Just hours after news outlet Government Executive reported the Consumer Financial Protection Bureau (CFPB) issued Reductions in Force (RIFs) for roughly 1,500 of its personnel—impacting amounting roughly 88% of its workforce—District Judge Amy Berman Jackson said that notices sent to those dismissed may have violated a court order restricting layoffs at the agency.
In addition to the RIFs, the Bureau reportedly slashed 50% of those responsible for inspection operations of the nation’s financial services companies. Employees were informed they would be locked out by 6 p.m. on April 18, and would be separated from federal service by June 16, barring qualifications for other available positions.
“Today’s bench order from Judge Jackson is a vindication for NTEU [National Treasury Employees Union] and its members, who wholeheartedly contend that the administration’s abrupt and chaotic RIF process does not serve the American people and is a deep violation of the rights of CFPB employees,” said National Treasury Employees Union (NTEU) President Doreen Greenwald in a statement. “Cutting over 80% of CFPB staff is not only unwise, it’s a direct attack on the financial security of millions of Americans. We will continue to advocate on behalf of the American people and NTEU members in court in response to President Trump’s war on civil servants and we aim to demonstrate that these frenzied, thoughtless attempts to shutter agencies that have done nothing but faithfully serve the American people are a detriment to the public good.”

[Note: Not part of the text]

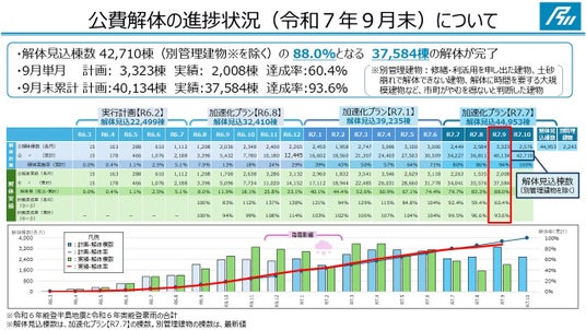 現状の解体ペースを維持すれば、10月末の解体率は、県全体で93~95%と、解体完了目標をおおむね達成する見込となっていますが、解体完了が11月以降にずれ込む建物は、別管理建物を除き、2,000から3,000棟になると見込まれています。

In late March, in Civil Action No. 25-0381, National Treasury Employees Union v. Russell Vought (in his official capacity as Acting Director of the Consumer Financial Protection Bureau), the National Treasury Employees Union (NTEU) and other groups sued Acting CFPB Director Vought over dismantling the Bureau, arguing the effort violated the separation of powers between the branches of government.
A circuit court on April 11 partially stayed Judge Amy Berman Jackson’s order by allowing for RIFs after officials conduct an individual assessment to determine if the employee is necessary to fulfill the agency’s statutory responsibilities.
In her order filed April 18, Judge Jackson stated, “Defendants shall not terminate any CFPB employee, except for cause related to the individual employee’s performance or conduct, and defendants shall not issue any notice of reduction-in-force to any CFPB employee.”
“The Trump Administration is sending another message to bad-acting big banks and other predatory institutions that it is open season on our nation’s working-class families. Not only that, but by letting non-banks, like fintechs, avoid oversight and accountability, they are effectively letting these companies off of the hook and creating an uneven playing field for community banks and credit unions,” said Rep. Maxine Waters, the top Democrat on the House Financial Services Committee, in a statement. “Under the lawless Trump Administration, financial institutions are free to scam, exploit, and abuse consumers so long as it boosts their profits. But just as we did in the D.C. District Court the first time, Democrats will keep fighting to block these harmful and unlawful actions and ensure the CFPB remains accountable to our nation’s consumers, not Trump and his billionaire allies.”
A hearing on the matter is scheduled for next Monday, April 28.